Testing The Limits: My Road From Developer to Consultant

DevOps, growth culture and T-shaped evolution are more than just buzzwords if you’re willing to work on your skills and confidence.

10 min readJun 8, 2021


Having spent almost four years here at Brainhub, Krzysztof Jendrzyca has seen it all.

In his path from a full-stack developer to a fully-fledged technical consultant, he tested different technological waters, changed his approach to software development, and learned how to work on his confidence and communication skills to make a shift from coding to working closely with a client.

And while all this may sound just like we’re just about to paint another pretty picture, the truth is, this wasn’t an easy road to follow.

Now that Krzysztof has decided to move on and start another chapter in his career, he found time to sit down and talk about some of the problems and challenges he faced during his time as a Brainhuber.

Q: You started out as a junior developer and after a few years became a technical consultant. Many devs nowadays embark on a similar career path. What made you decide to steer in this direction?

Krzysztof Jendrzyca: To be honest, this wasn’t really a deliberate decision. All I knew right from the start is that I want to be a really good programmer. I started looking for places and people that would help me get there, let me grow and learn new things.

As it turned out, some of the best programmers I knew at that time worked as technical consultants. I observed them, analyzed their skills, habits, and mental models, and later did my best to apply them to my own practice.

Then at some point, someone decided I’m good enough to take the role of technical consultant myself. And so here I am now.

Which of those skills and habits you mentioned were most essential for your growth?

I guess I could weasel my way out of this question by giving a short and generic answer like “soft skills”. Problem is, when it comes to soft skills, there are so many of them it’s really hard to pinpoint the most essential.

The more I think about it, the more I realize that what led me to where I am today was developing a more straightforward approach to my work.

Throughout the years I learned to drill into details and boil them down to the essentials so I can see things as they are. I don’t romanticize programming as a craft too much.

This mental model is called “reasoning from first principles’’ and was popularized by Elon Musk. Even though he could easily buy rockets for his SpaceX projects somewhere else, he made a decision to build them in-house. He started with a simple question: “what is a rocket made of?”, and then broke it down and reassembled it in his own, more cost-effective way.

This is exactly what I did with my skills and competencies in order to find areas I could improve on. To quote Tim Urban from waitbutwhy.com, thinking this way lets you stop being a cook that only follows recipes and start to act more and more like a chef who invents them.

The key here is taking a low-level perspective. Once you fully understand the process, you can better assess your skillset and reassemble it in a way that best fits your role. I don’t believe in all those telltale stories of lone genius programmers anymore, because now I see that growing your skills boils down to consistent and habitual work.

It may not always be easy, but it’s always possible — and all the mythology behind it mostly serves as an excuse for giving up.

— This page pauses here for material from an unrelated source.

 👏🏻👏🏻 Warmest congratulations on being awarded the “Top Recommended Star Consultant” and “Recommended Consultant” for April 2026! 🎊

First principles also helped me with looking more critically at frameworks and libraries I use in my everyday work. I now try to see through the logic behind them, to understand the very purpose they were created for in the first place. This way it’s much easier to choose the right tool for a project or to find the right solution within specific frameworks. I can tell if a library follows the basic principles of software engineering and verify the hype behind some new technologies. Goodbye, cargo cult programming!

Becoming a technical consultant means switching from just coding to direct communication with clients and other stakeholders in a project.

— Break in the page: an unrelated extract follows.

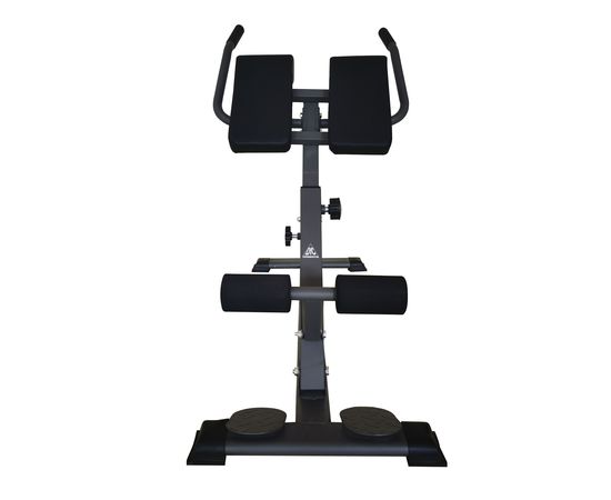 Гиперэкстензия DFC SUB027 для домашнего использования. Максимальная нагрузка на подушки до 100 кг, на поручни – до 80 кг. Угол наклона регулируется на 3 уровня. Профиль квадратной трубы 30 х 70 х 1,2 мм.

Was that difficult for you?

There are two things I found especially challenging.

First was absorbing the fact I can actually say things like “I don’t know, I will have to get back to you on this” or “The solution you’re proposing isn’t going to work”. Learning to communicate this in a myriad of ways, each of them more polite than the other, has saved me from many tough spots.

I started with the wrong assumption that the customer is always right and that I have to know everything at all times.

But pretty quickly I learned that my own knowledge has its limits and it’s always better to ask someone else than try to bluff. It’s just more honest. The same goes for telling clients when they’re wrong — it’s what they pay us for! After all, we’re consultants, not code monkeys.

The second challenge was finding the right balance between talking to people and doing actual work. There were many days when I spent all my time on meetings, calls, and Slack conversations. That’s only natural when you’re getting more experienced: talking, strategizing, mentoring, and working out fixes and workarounds is simply part of the job. But at the same time, I often felt in a squeeze, like I didn’t have enough space to deal with my own tasks.

What helped me was defining my own work principles and sticking to them. This wasn’t easy, as it often meant I had to turn down requests from colleagues. But with time, they too adjusted to my workflow.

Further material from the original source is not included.